1.2. “The Purchaser” shall be understood to denote the party to which DLS sells and/or supplies goods and/or services.
2.1. All orders placed with DLS by the Purchaser and all consequential legal relationships between DLS and the Purchaser shall be accepted by DLS exclusively on the basis of these terms and conditions for delivery and payment (the “Terms and Conditions”).
2.2. Applicability of the Purchaser’s general terms and conditions is expressly rejected.
2.3. The Terms and Conditions shall apply to all legal relationships in which DLS acts as (potential) retailer and/or supplier of goods and/or services (the “Agreement”).
2.4. Any divergence from these Terms and Conditions shall only be applicable with the express written agreement of both parties.
3. Tenders/entry into effect of Agreement
3.1. All DLS tenders and/or quotations are without obligation and are purely an invitation to place an order, unless stated otherwise in writing by DLS.
3.2. In the event that the Purchaser places an order with DLS, the Agreement shall not enter into effect until DLS confirms acceptance of the order in writing, or begins implementation, on condition that this is known to the Purchaser.
3.3. In the event that the Purchaser responds to a DLS tender by making an offer, and DLS accepts said offer in writing, an Agreement shall enter into effect.
3.4. Samples or models demonstrated or provided are merely an indication which the goods in question shall not be required to conform to.
3.5. Whereas all DLS estimates of numbers, sizes, weights and/or other indications of products are carefully prepared, DLS shall not be liable for any deviations.
3.6. DLS shall be authorized to engage third parties in the implementation of the Agreement.
4.1. All prices are FCA at Robijn 910 in Dordrecht (as defined in the Incoterms® 2020), exclusive of VAT and other government-imposed taxes, unless specifically agreed otherwise in writing.
4.2. Changes in labor rates, cost prices for raw materials or materials, exchange rates and/or other factors which may for any reason influence the price of the order, shall entitle DLS to pass on the costs of the changes to the Purchaser accordingly.
4.3. DLS and the Purchaser may agree on additional work. DLS shall be authorized to charge separately for any additional work performed, even if no agreement exists specifically in relation to the price of the additional work. Calculation of the price for additional work shall be subject to the provisions of the foregoing paragraphs of this Article.
5. Delivery/Delivery times
5.1. Delivery times agreed with DLS are purely indicative and shall not be deemed to be strict deadlines. Delivery periods shall commence on the date stated in the written acceptance of the Agreement. In the event that certain data, drawings etc. or certain formalities are required for the implementation of the order, the delivery period shall commence at a later time, namely when DLS is in possession of all data, drawings etc., or all formalities have been completed. In the event that DLS requires an initial (down) payment, the delivery period shall commence at the time of receipt of the first (down) payment.
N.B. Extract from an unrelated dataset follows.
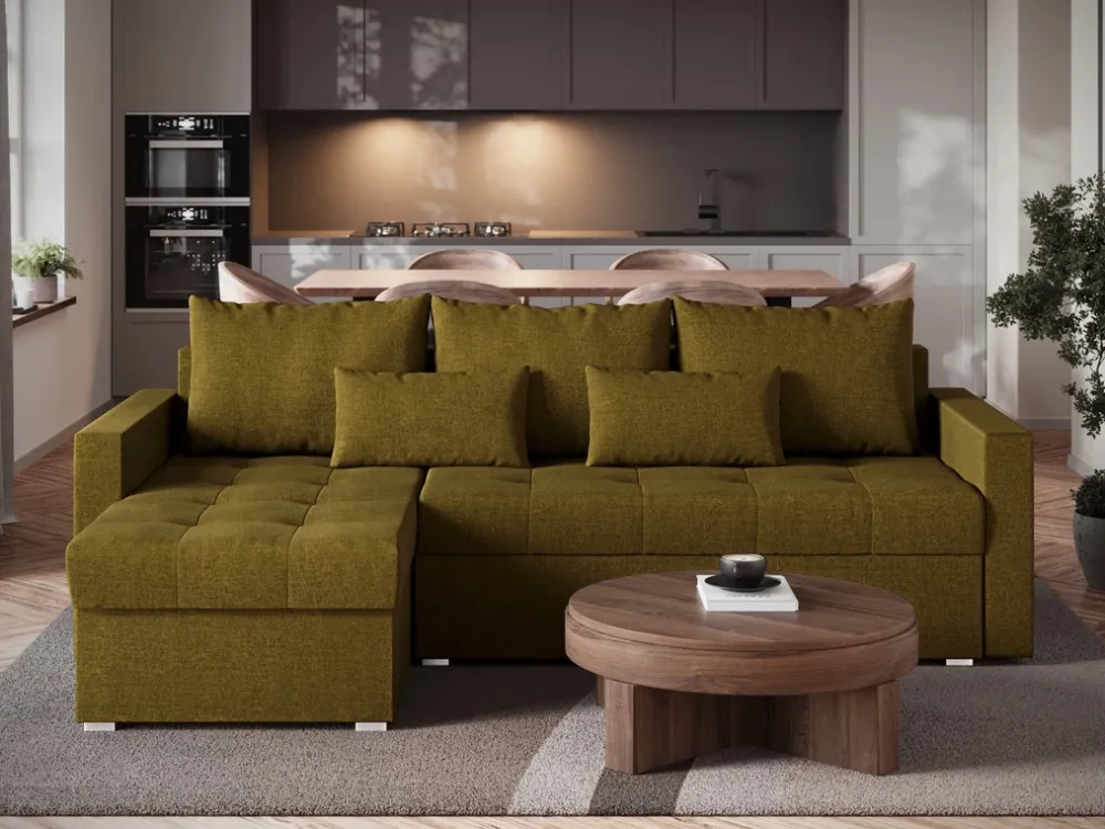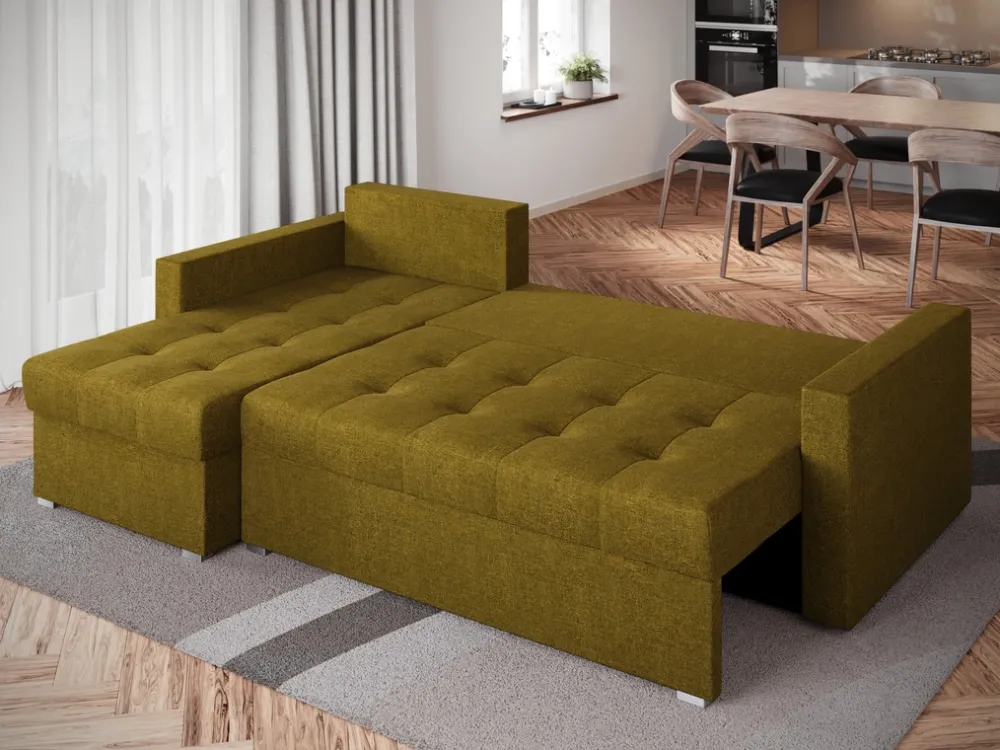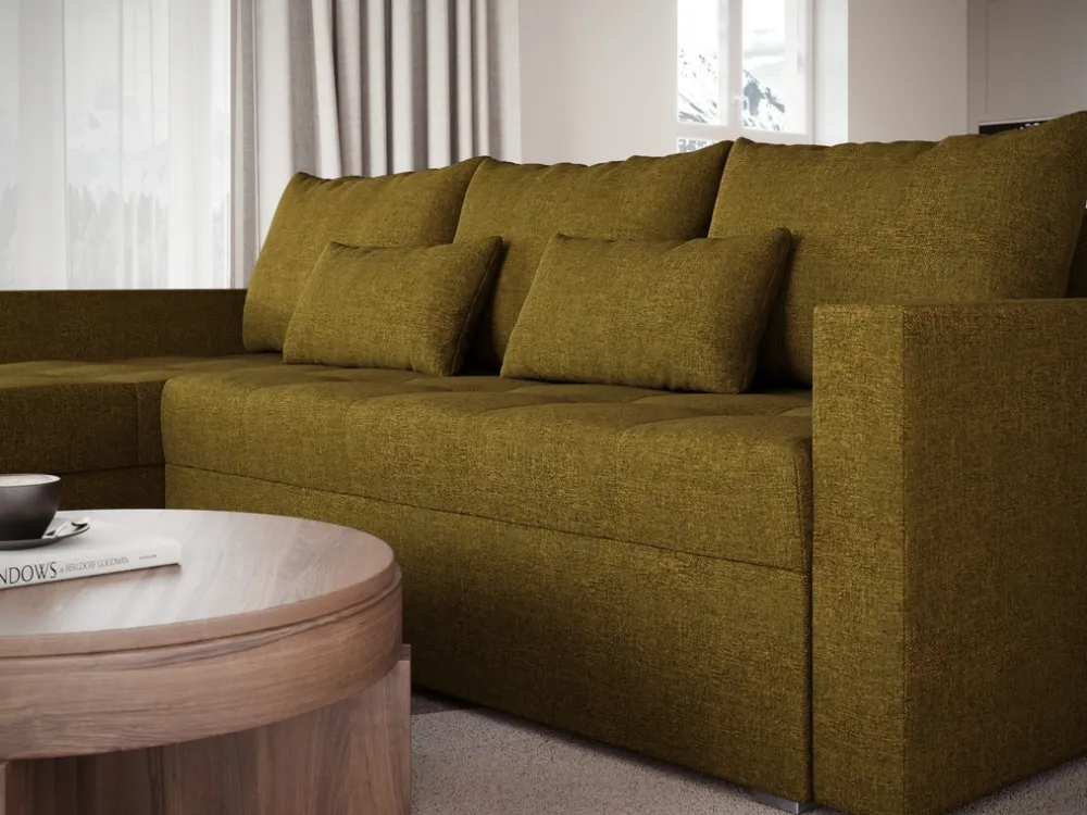 Pod siedziskiem narożnika znajduje się pojemnik na pościel, który pozwala na łatwe i estetyczne przechowywanie dodatkowych kołder, poduszek czy prześcieradeł. To idealne rozwiązanie dla tych, którzy cenią sobie porządek i chcą mieć wszystko pod ręką.

5.2. Delivery shall be FCA at Robijn 910 in Dordrecht. DLS shall not be responsible or liable in respect of import, export or transport of the deliverable goods to the destination, nor may it be held liable for any taxes, levies or other costs in relation to the transport and/or delivery of goods.
5.3. DLS shall be entitled to postpone deliveries until the Purchaser has complied with all its obligations to DLS. The Purchaser shall be obliged to cooperate with the delivery and to accept the delivered goods. If the delivered goods are not accepted, DLS shall be entitled to compensation from the Purchaser for all damages suffered (including the costs of storage, transport and insurance).
6. Assembly, installation
6.1. Notwithstanding Article 5.1, the parties may agree in writing that DLS shall be responsible for assembly and installation of its products.
6.2. Work carried out by DLS in connection with assembly, erection, testing, dismantling, repairs and any other works shall be at the expense and risk of the Purchaser, unless specifically agreed otherwise in writing.
6.3. The Purchaser shall facilitate DLS mechanics in such a way that they are able to perform the assembly and installation work in accordance with the applicable safety regulations.
6.4. Unless specifically stated otherwise in writing, all extra work resulting from assembly and installation, as well as the transportation of materials to the site of assembly and/or installation shall be at the expense and risk of the Purchaser. Extra work shall be understood to include: foundation work, demolition work, excavation work, carpentry, brickwork, painting and electrical work.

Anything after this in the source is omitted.